BASE DEFENSE - THE AFTERMATH

The VIPs reassert themselves as soon as the crisis is over, calling for an inquiry on the poor handling on this. Bradford answers that some of the guests had been mind-controlled by the new alien type.

We get the barracks doors open, and I type as much to Bradford. "Attention all XCOM Academy personnel, this is Central Officer Bradford! Get the nearest weapon and sweep the facility - collateral damage is acceptable. All guests who are not in need of immediate medical attention are to be considered under arrest until Dr. Vahlen's team can determine that they are free of alien mind control."

"Bradford! You have no right to-"

"Senator, one of your entourage collapsed when the red-robed alien was killed. That means he was under its influence. We cannot take any risks, and must assume your entire party is compromised."

The lights are back on, and our guys are sweeping the perimeter - twenty-one dead, seven of which in Delta section. Guard Gerard Brown wounded severely enough that he might require MEC surgery. THOR destroyed. Blanka wounded, Dee out of action for nine days while her MEC suit gets fixed since half the Foundry is busy repairing the other half. The power plant technicians swarm the room I hid in and take my console, so I make my way back upstairs -- I want to go check on my friends, but the crisis is not over.

The elevator works. I get to the situation room to find most people lined up to be checked out for mental abnormalities by the science team. Vahlen is in full regalia -- dear lord, is she wearing the yarnall corset under her lab coat? -- and using her outside voice to line everyone up.

"That's enough, Bradford! You may be the new commander of this facility, but you take orders from the council, and I am their appointed representative!

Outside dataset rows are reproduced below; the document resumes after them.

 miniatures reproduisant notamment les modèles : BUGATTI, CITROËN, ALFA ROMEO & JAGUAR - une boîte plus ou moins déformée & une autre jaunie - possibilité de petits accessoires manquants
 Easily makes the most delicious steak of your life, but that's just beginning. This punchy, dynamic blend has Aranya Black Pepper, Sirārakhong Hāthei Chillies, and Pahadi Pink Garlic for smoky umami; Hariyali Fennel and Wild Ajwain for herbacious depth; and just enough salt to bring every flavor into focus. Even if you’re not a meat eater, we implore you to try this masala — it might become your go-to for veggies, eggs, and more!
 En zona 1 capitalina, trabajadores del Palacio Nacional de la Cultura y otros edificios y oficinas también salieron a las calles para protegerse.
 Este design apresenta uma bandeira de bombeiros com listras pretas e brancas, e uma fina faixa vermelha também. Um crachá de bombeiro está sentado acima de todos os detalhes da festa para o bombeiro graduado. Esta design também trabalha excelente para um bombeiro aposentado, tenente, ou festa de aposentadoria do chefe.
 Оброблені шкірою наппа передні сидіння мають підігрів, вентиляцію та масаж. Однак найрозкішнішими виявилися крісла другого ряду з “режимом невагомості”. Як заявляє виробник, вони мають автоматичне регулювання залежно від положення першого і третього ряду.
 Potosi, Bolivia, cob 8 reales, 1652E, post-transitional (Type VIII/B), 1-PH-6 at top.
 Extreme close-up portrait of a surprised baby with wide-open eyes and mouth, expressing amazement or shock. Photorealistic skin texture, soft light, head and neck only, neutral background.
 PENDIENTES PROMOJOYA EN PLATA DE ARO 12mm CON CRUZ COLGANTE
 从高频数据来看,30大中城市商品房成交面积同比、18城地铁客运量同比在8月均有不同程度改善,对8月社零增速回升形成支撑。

Consider YOURSELF under arrest."

Guns from the politician's bodyguards are drawn. Not even ten minutes after a fucking alien invasion, and man is getting ready to murder man again over... what exactly? Who's got the most chest hair?

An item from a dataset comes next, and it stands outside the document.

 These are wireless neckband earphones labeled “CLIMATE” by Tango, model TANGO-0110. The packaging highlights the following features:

Bradford doesn't blink. "Are you really going to shoot me? At this time? In this place?" The door opens; a group of our cadets, armed with confiscated X-ALT laser rifles move in. Vahlen directs them to drag the people who have collapsed over to the alien containment facility until they can be cleared. The politician's bodyguards (where's the guy from anyway? He looks Anglosaxon, but I can't place the accent...) train their guns at them. Dr. Vahlen walks forward and steps between the two groups, then opens her lab coat a little, facing the politician -- now all the guns are on her. She seems unfazed.

"Look, if this is some sort of dick measuring contest, I think the good doctor here can win it by several yards if she so chooses" I interrupt. Nobody paid much attention to me coming, so my presence further startles people who aren't used to me being around. "Now, change of plans. There's going to be a ceremony. We will bury our dead. We will tell the aliens, and the world if it cares, that the XCOM Academy is still standing. You grok that?"

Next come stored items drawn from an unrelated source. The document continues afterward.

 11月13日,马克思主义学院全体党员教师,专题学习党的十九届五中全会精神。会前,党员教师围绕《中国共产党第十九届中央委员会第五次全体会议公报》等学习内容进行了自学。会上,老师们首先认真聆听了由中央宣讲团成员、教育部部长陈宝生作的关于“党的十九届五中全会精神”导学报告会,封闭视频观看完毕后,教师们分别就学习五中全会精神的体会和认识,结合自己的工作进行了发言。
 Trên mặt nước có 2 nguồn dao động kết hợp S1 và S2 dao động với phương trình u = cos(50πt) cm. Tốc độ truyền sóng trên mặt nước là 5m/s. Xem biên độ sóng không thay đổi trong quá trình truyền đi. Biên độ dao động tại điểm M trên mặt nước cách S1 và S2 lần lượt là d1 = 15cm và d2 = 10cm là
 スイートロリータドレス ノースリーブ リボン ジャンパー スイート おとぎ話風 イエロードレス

Dr. Vahlen smiles. "Yes, Headmaster."

"Yes, Headmaster." Bradford nods.

"... You have no authority here. Your tenure is over. Commander Bradford, why are you listening to this civilian?"

"Because that civilian, unlike these civilians and specifically this civilian" Bradford waves at the bodyguards and pokes the politician in the chest with a finger, causing the bodyguards to aim their guns at him again -- a couple seem relieved to get to look away from Dr. Vahlen; one seems disappointed -- "went out there and did what that civilian could do to fix this mess, even though it was just getting the damn doors to work. Even although, like you just said, it was no longer that civilian's job."

The room has largely been cleared, an orderly queue formed in the direction of the labs - we've heard the high pitched whine of laser rifle capacitors, but only a few. The makeshift command post that Bradford gave us lifesaving directions from switches to "all clear".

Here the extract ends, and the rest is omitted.